Some people that I know ask their child to ‘trade-in’ an old toy for a new toy. This keeps the toy shelf from growing out of control and teaches a child to a) not become too attached to objects and b) make decisions.

-Papa

Jenny L January 25, 2010 at 8:41 am

For our first daughter’s first birthday we asked that people donate to a specific charity in lieu of bringing a present. This worked out fine for the most part. My mom was offended that we would suggest GRANDMA could not buy a present. *sigh* .

I have now given up since the daughter is now 4 and knows that presents are brought to parties.

The most recent party showed me another intresting trend. She had a princess and pirates party and now owns all the possible playsets and costumes created in that vein. (The pirate lego set almost beats out the princess playmobil one…)

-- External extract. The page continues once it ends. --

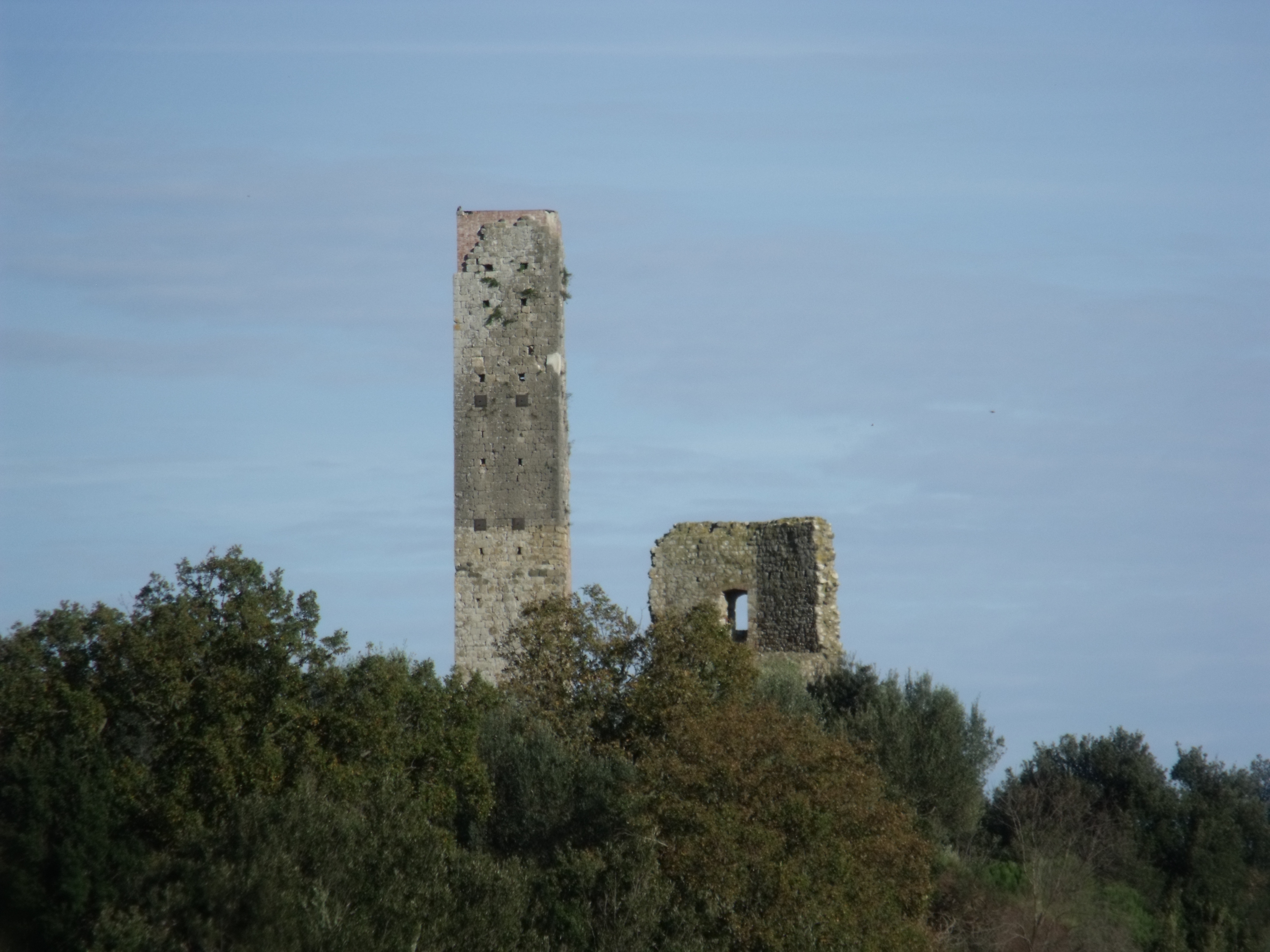 Castello di Crevole, Murlo, Province of Siena, Tuscany, Italy

As for family – my brother requested a list he said “I only wish to know one or two things they want.” Well the 4 year old really wanted a scooter. What did her uncle buy her? A UNICORN hobby horse.

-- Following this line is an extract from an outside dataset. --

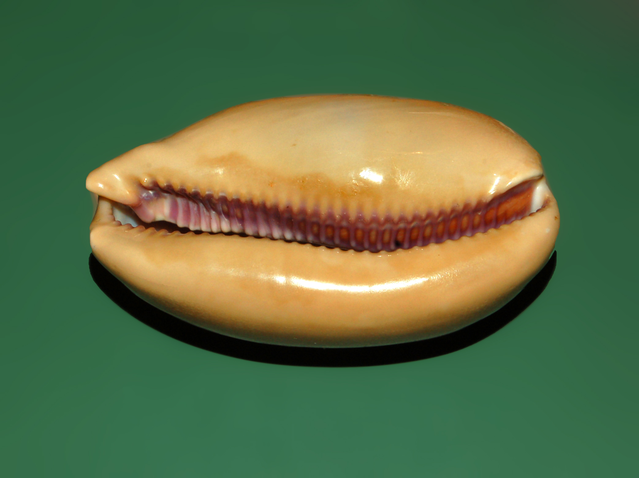 Lyncina leviathan leviathan - Hawaii
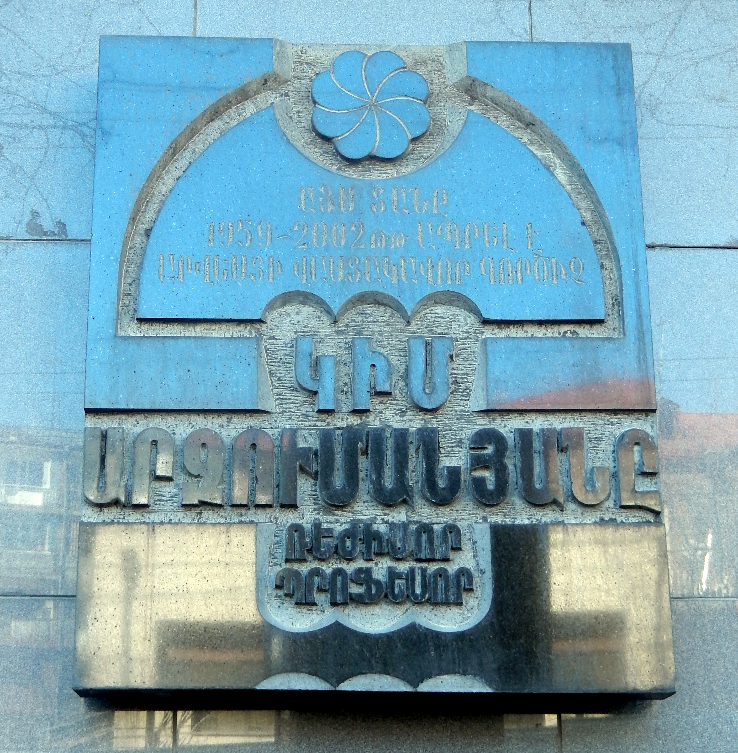 Kim Arzoumanyan's plaque in Yerevan

Do not get me started on the fact that our second daughter needs no new toys considering what booty the first has already accumulated.

Diane February 3, 2010 at 3:24 pm

All of these posts have brought back some great memories. I started out parenting very wooden/educational/artistic toy insistent. And for the most part, I stayed that way. However, I found over time that my sons made up imaginative and creative play with their (ugh!) Pokemon and Digimon collections. Noisy toys always break quickly or their batteries run out and when the kids are little, no juice equals broken in mom speak. The “good” toys always lasted and were well-loved.
I also hated the sheer volume of stuff. I remember one Christmas my daughter hid under the dining room table and refused to open any more gifts. We came up with a number of solutions. One was the ‘confiscation’ closet–where toys that were left out went to die. Another was to not open gifts during a birthday party–we just kept the activities going until the parents showed up to pick up their kids. Then we gave the birthday kid a few of the gifts and put the rest away. We wrote generic thank you cards to everyone. The leftover gifts came out one at a time on long car rides, or after some great behavior that deserved a reward. We also saved some of the grandparents Christmas gifts for their birthdays when they were older.
The best news is the birthday party days don’t last forever–soon there won’t be friend gifts to worry about and you’ll be wistfully looking at birthday party pictures wondering where the years went.

Louisa February 7, 2010 at 11:03 am

I may be cruel, but any presents I can intercept get vetted heavily. If they are plastic and crap, I give them away. Unfortunately, most get through the net and go directly to both children.

So, I set up a system, whereby I have half of their toys in a box out of the way and the other half available for them to play with. We rotate the boxes, but leave it long enough for them to have conveniently forgotten what was in the other box. Lots of things disappear to charity shops that way. the girls don’t seem really bothered, they actually don’t feel real affection for the plastic stuff anyway!!! They can take it or leave it.

I threw out all my eldest girl’s (7) Barbies. She had accumulated twelve of the bloody things through gifts over the years and I found it gross. I gave them to the charity shop when we moved house along with all the other plastic crap I could safely get away with.

Now I ask my parents to buy presents from a wooden catalogue which I make sure gets sent direct to them every year, I tell them I want my children to have ‘educational’ toys – and what I really mean is wooden or handcrafted/handsewn. One year I asked for money from everyone to put towards a bike – it does work, you just have to be forceful about it ;)

Lou x

Heather A February 22, 2010 at 3:49 pm

I don’t like the junk either even if my kids do. I absolutely love the idea to ask for experiences over stuff. Even a single movie ticket would be a great gift. You are totally onto something with that. This would teach them from an early age that what’s collected in your head stays with you forever…well…not as long as the plastic toys would remain in the land fill, but for a long time. I’m going to design some birthday invitations around this idea. Thanks for the very thoughtful posts.